Some final thoughts on “They Drive By Night” and “High Sierra.”  Both were produced by Mark Hellinger nad Hal Wallis for Warner Brothers, both were directed by Raoul Walsh, both had Ida Lupino, obviously, and Humphrey Bogart, with solid supporting casts from the WB company of contract players.  Both films, essentially had the same production units and were considered “A” pictures at the time of their release five months apart:  a general American release in August of 1940 for “They Drive By Night” and January 1941 for “High Sierra.”  But with all the similarities, there are significant, identifiable differences in the two films.

Let’s start with the smaller, or more accurately, the less obvious ones.  “They Drive By Night,” despite its title and its first half story of the work and lives of over-the-road truckers, is an interior film.  And not just the “courtroom melodrama” of the second half.  The entire film was shot on Warner Brothers sound stages or back lots, including the driving sequences (which are actually minimal), with the exception of the special effects crash sequences.

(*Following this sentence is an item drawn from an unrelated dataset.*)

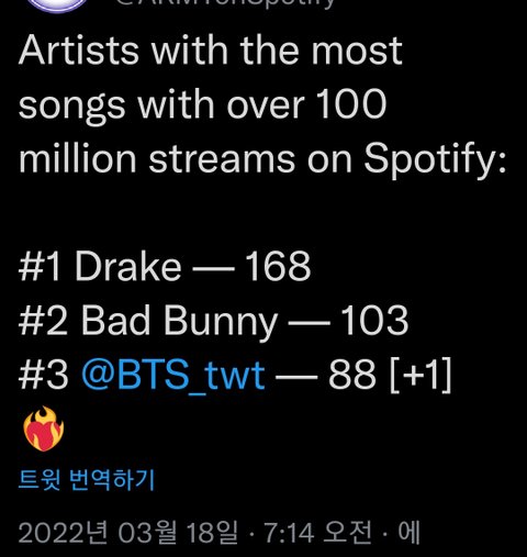 너툽얘기에 뜬금없지만 스포ㅌㅍㅇ1억 스밍 넘긴 곡이 88개 이건 통털어 세번째임

“High Sierra,” despite its title and sunny opening and picturesque closing sequences, is also essentially an interior film until the final 20 minutes.  Gangsters holed up in mountain cabin planning the robbery of jewels from a resort hotel safe.  This does change after the disastrous robbery and the film moves outdoors in the final sequence leading to the climax literally high in the Sierras.  The location sequences alone do not make “High Sierra” a  better film, but it is almost unimaginable that “High Sierra” would be nearly as good if its story turned inward and finished with the capture, incarceration and trial of Roy Earle.  Perhaps it is simply a better story, or a better screen adaptation of the original story, or as was the case in both films, a novel.

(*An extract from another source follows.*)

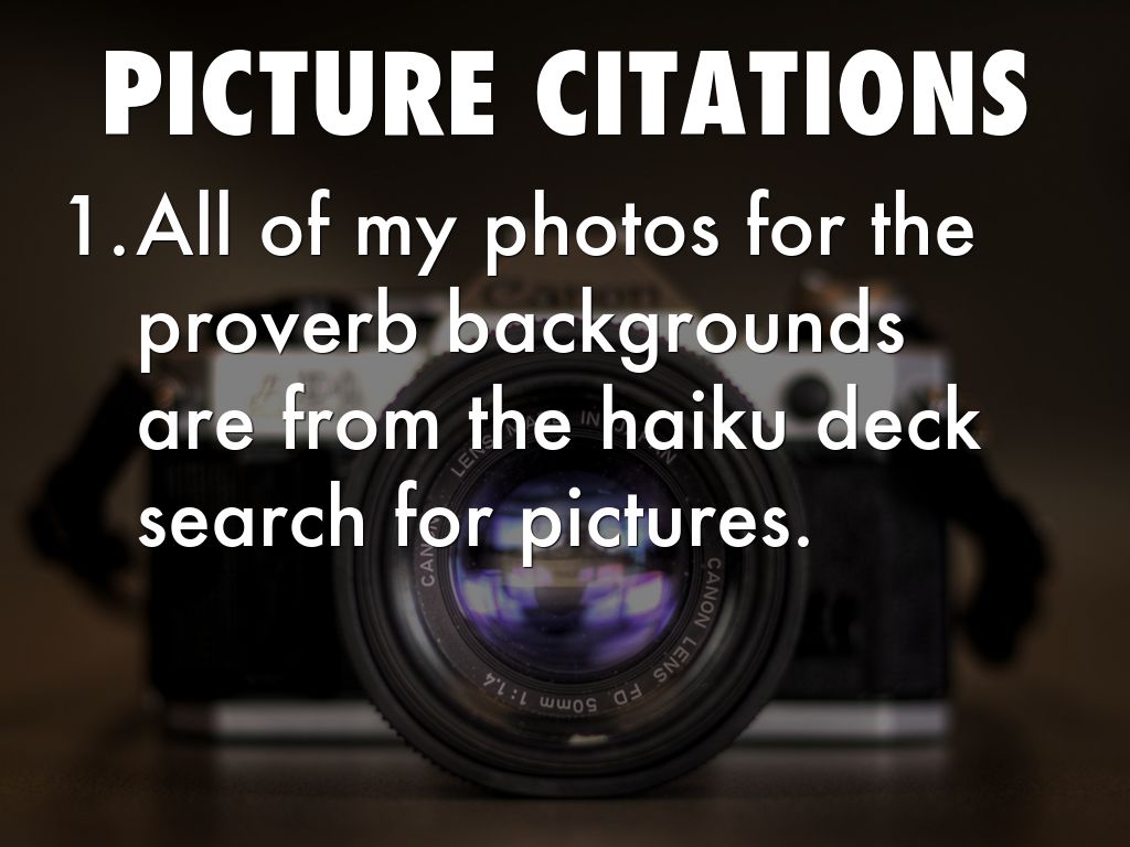 • All of my photos for the proverb backgrounds are from the haiku deck search for pictures.

That John Huston was involved in “High Sierra” may not have made a difference in the general plot adapted from a novel, but that novel was written by W. R. Burnett who co-wrote the screenplay with Huston.  Although I am not familiar with the source material, I am inclined to believe that Huston — never a timid storyteller, writer, director or actor — played a significant role in making the a script as powerful as writers possibly could.

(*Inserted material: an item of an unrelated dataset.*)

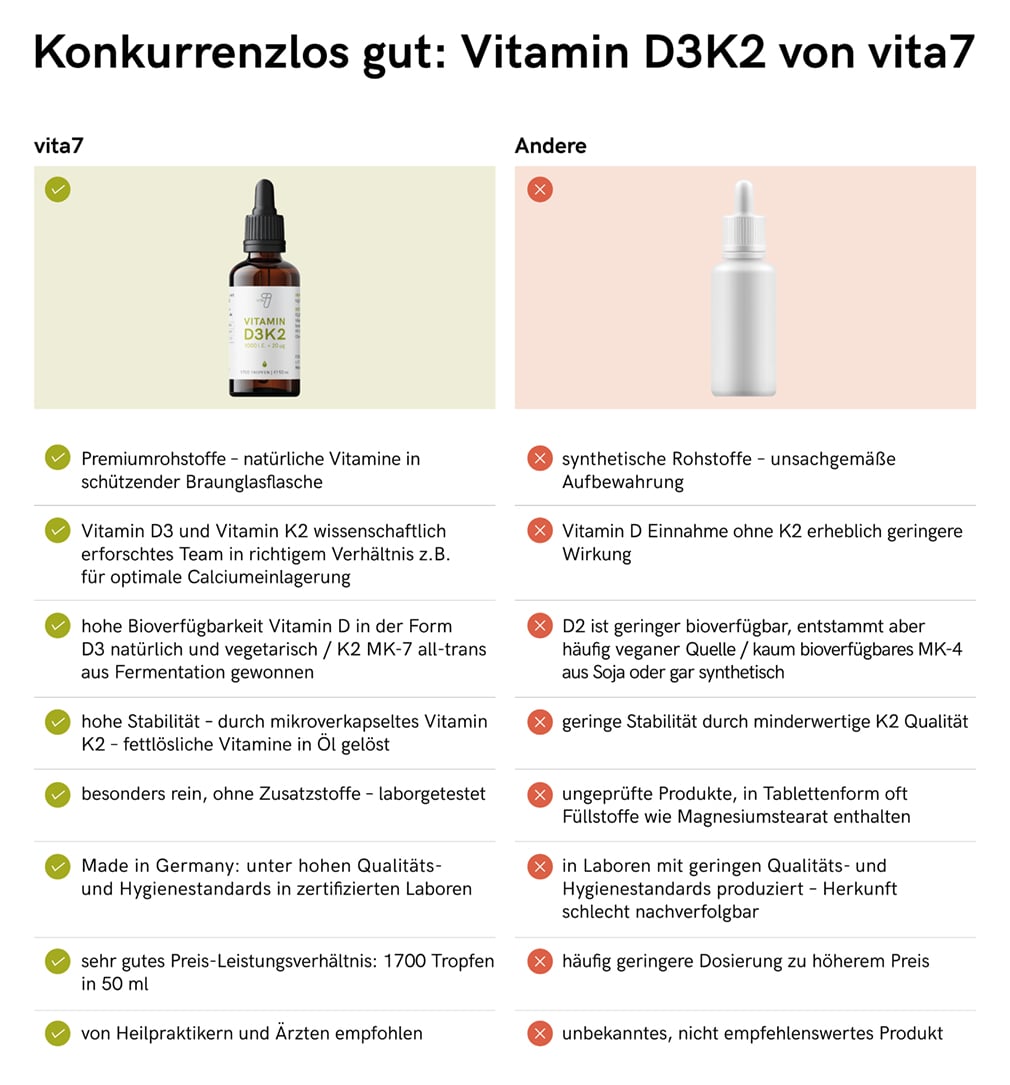 Die fettlöslichen Vitamine D3 und K2 sind bei vita7 in einem genau abgestimmten Verhältnis zueinander in MCT Kokosöl gelöst und gemischt. Das Vitamin D3K2 Verhältnis ist entscheidend für die Dosierung. Die flüssige und ölige Form sorgt für  eine hohe Stabilität und optimale Bioverfügbarkeit.

The visual differences are also striking.  Most of “They Drive By Night” is conventionally staged, lit and photographed — it may have had something to do with the budgets allocated for each production — “They Drive By Night” has simple camera set-ups, few exteriors. basic editing and storytelling.  One primary reason visually, aside from the films’ budgetary considerations, was the choice of Tony Gaudio as cinematographer on “High Sierra.”  Gaudio even in 1940 was an almost-legendary figure in his craft.  He was born in Italy, Antonio Gaudio, son of a photographer.  He worked in early Italian cinema and emigrated to America in 1906, where he became a cinematographer in the early years of American motion pictures.

Gaudio worked for Vitagraph, Carl Laemmle’s I.M.P.,  Biograph, First National and Warner Brothers.  He was a founding member of the American Society of Cinematographers, and an early President of the organization.   One of his more recent assignments prior to “High Sierra” was to shoot the all-Technicolor “The Adventures of Robin Hood” for Warners in 1938, their most expensive film project to date.  Along with Sol Polito, he was typically assigned to work on the studio’s most important films.  Having learned his craft in silent cinema, he brings an expressiveness — not simply in tackling the gorgeous Sierras of northern California, but in the faces, and in particular the face of Marie in the final sequence of the film, especially the final shot of Marie, essentially wordless — it is a scene that would not be out-of-place next to the best examples of the art of silent film.

These are the elements that make “High Sierra” an outstanding film rather than a simply good one.  “They Drive By Night” is good “classic movie” fodder.  “High Sierra” is an iconic work.

[“High Sierra” was directed by Raoul Walsh, with screenplay by John Huston and W. R. Burnett from the novel by W. R. Burnett, and produced by Mark Hellinger and Hal Wallis for Warner Brothers.  It premiered in Hollywood January 21, 1941 and in New York on January 24, 1941, with general release in the U.S. January 25, 1941.]